Featured speaker Jeffrey Toobin (pictured above), author, New Yorker magazine staff writer and CNN legal consultant, presented on "The Nine: Inside the Secret World of the Supreme Court." He tracked the Supreme Court since the 1980s looking at the personal lives and personalities of the justices and how these are manifested in the Court. The ruling on the 2000 election case Bush v. Gore was just one instance where this has been evident.
"Was the decision the judges' choices for who should win? I can't prove it for certain," Toobin said when asked whether Bush v. Gore was influenced by individual political leanings. He went on to say that the hasty manner of the decision and its application of the Equal Protection Clause support the case that personal political preferences were a factor.

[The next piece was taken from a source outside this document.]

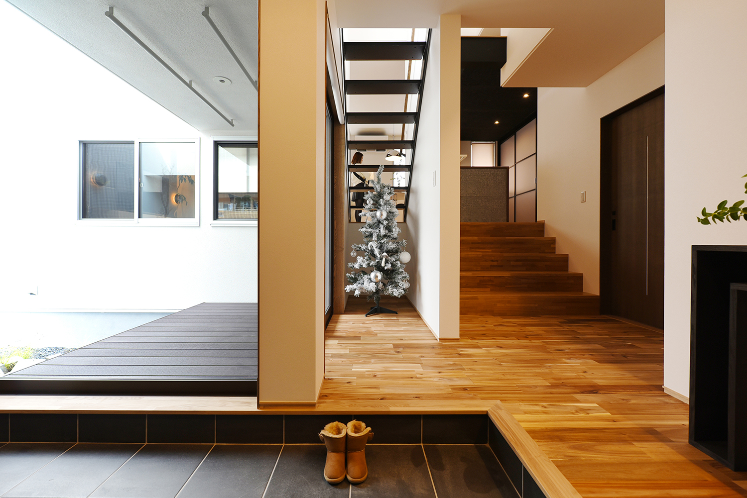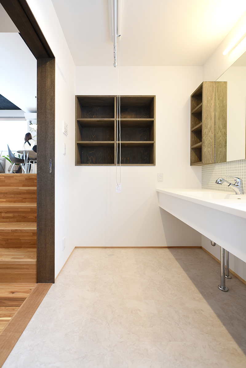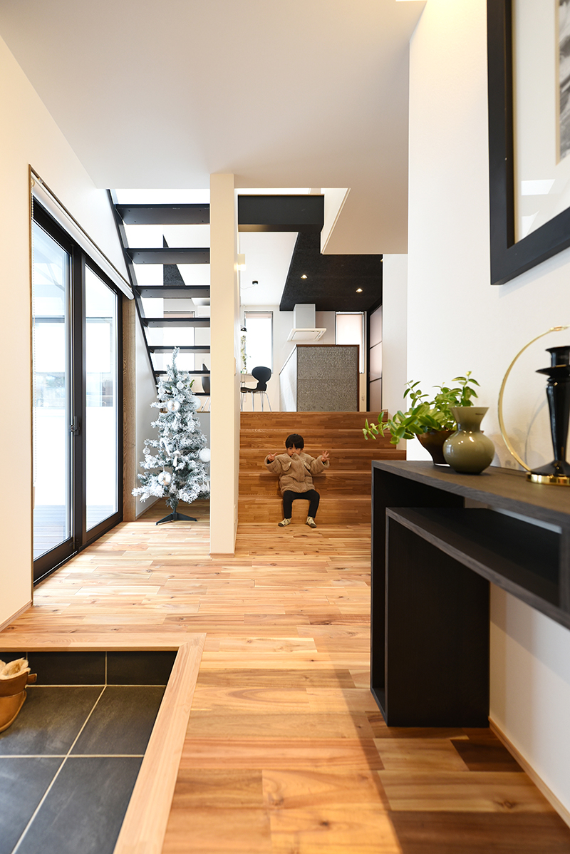 玄関を入るとタイル張りの広い土間と、天井まで高さのある幅3.5mの大容量の収納。玄関収納側からスキップフロアになった室内方面。左より中庭→階段→洗面脱衣、お風呂、トイレなど水周り。
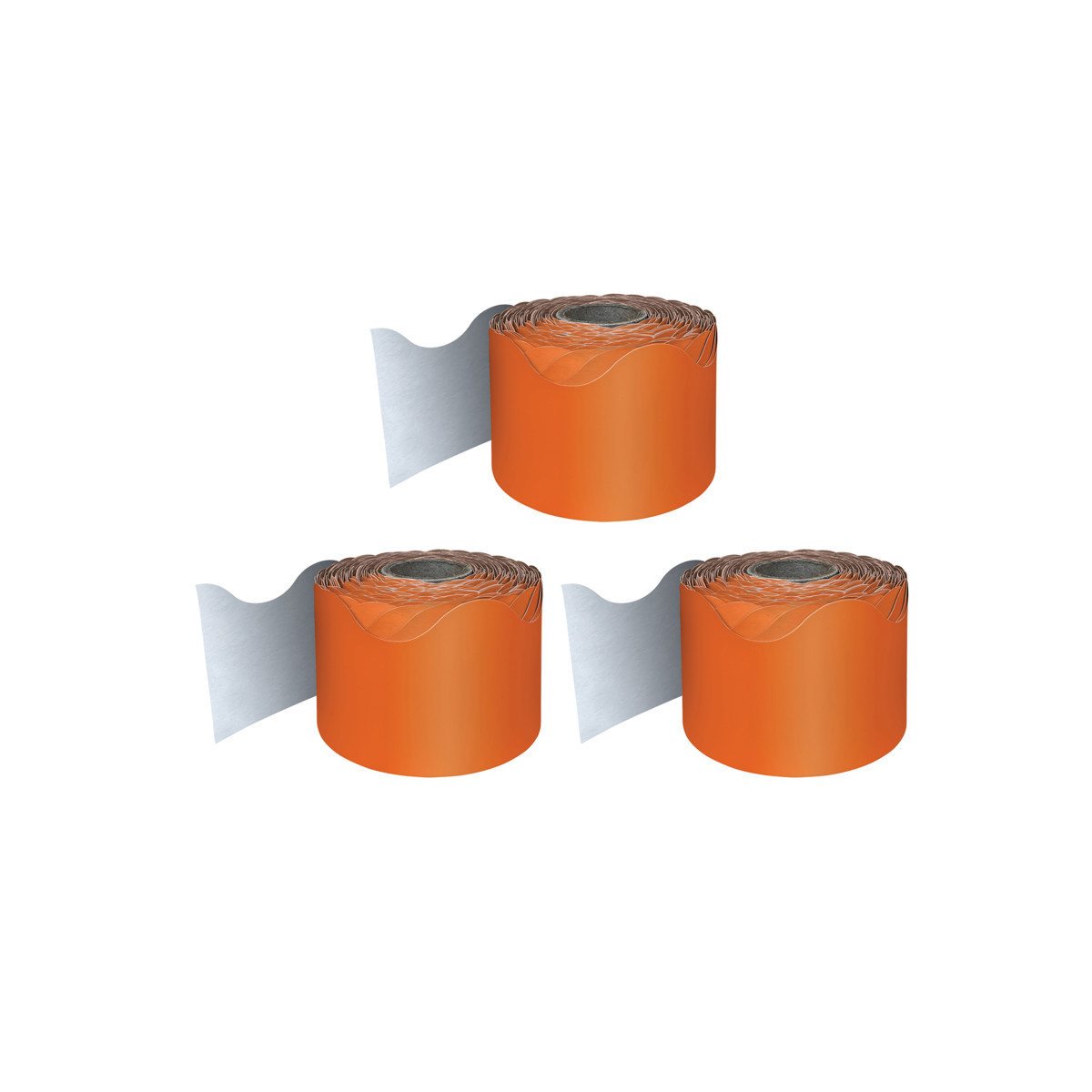 Carson Dellosa's Orange Scalloped Bulletin Board Border brings added style to your classroom, dorm room, party, daycare, or homeschool setting. This set includes one roll of vibrant, orange bulletin board border trim printed on thick but flexible paper that can be used for solo displays or multiple learning visuals. Decorate your learning space with a single layer border, or add layers to create dimension to your displays. This border is also great for holiday decor such as Halloween, Thanksgiving, and other fall-themed decorations. This border is also great as a primary pop of color for any standard visual or decorative display. For a cohesive theme, check out coordinating Carson Dellosa teaching supplies and classroom decorations. Education happens everywhere, and Carson Dellosa strives to provide the tools needed to inspire learning everywhere it happens. Each rolled border measures 2 1/4 inches by 65 feet to decorate bulletin boards, desks, classroom walls, lockers, and more with ease. Sold as a pack of 3 rolls.

Presenting his 2007 book at USC’s Davidson Center, Until Proven Innocent: Political Correctness and the Shameful Injustices of the Duke Lacrosse Rape Case, journalist and lawyer Stuart Taylor, Jr. questioned the ethical conduct of those who covered the lacrosse players' initial charges, subsequent trial and final exoneration. He blamed the absence of self-regulation by the journalists involved and the conduct of the university officers who allowed the allegations against the athletes to spin out of control – but he also pointed to the aggressive activity of round-the-clock news outlets, many of whom look for ways to perpetuate a story that has not merited such coverage.
“I think the 24-hour news cycle has an automatic ratcheting-up effect on every level,” he said. “[The journalists] get the credence because they get out on television and are given that credibility.”

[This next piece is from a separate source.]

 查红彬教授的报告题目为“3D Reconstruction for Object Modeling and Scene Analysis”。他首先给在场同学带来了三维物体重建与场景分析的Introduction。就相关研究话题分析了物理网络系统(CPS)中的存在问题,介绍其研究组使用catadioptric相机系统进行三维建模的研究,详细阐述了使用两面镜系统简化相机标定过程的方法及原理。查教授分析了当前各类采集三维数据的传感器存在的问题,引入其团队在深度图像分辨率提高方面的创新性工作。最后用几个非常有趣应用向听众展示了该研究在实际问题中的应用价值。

Taylor also claimed that the racial climate at Duke led to a reverse-discrimination effect, where “privileged white males” were unfairly targeted because of their race. These actions, he said, led journalists to jump on the story in ways that were unethical.
A panel on "National Security and Government Secrecy," moderated by Harold Fuson, addressed recent wiretapping issues. The discussion focused on the problems and reasons for the National Security Agency's electronic surveillance program. Panelists John Sims, professor of national security law at University of the Pacific, Kevin Bankston, an attorney at Electronic Frontier Foundation, and Scott Armstrong, a former Washington Post reporter, noted that while mass acquisitions of data by the NSA are troublesome, current law has not caught up to changes in telecommunications. However, the Bush administration's method for warrentless surveillance is not necessarily going to be effective in catching terrorists.
"Because (the NSA) have chosen to not deal with the courts (when it comes to acquiring intelligence) they are dealing with a very small tool set. Real security threats require more than a phone tap and video recorder," Sims said.
The Assembly brought together the best and brightest of law, journalism and public policy. Included in the Assembly were forums on social networking, national security secrecy, immigration reporting, cameras in the courtroom, tribal secrecy, access to police records — and more, all featuring leading lawyers, journalists, new media mavens, policy wonks and other experts.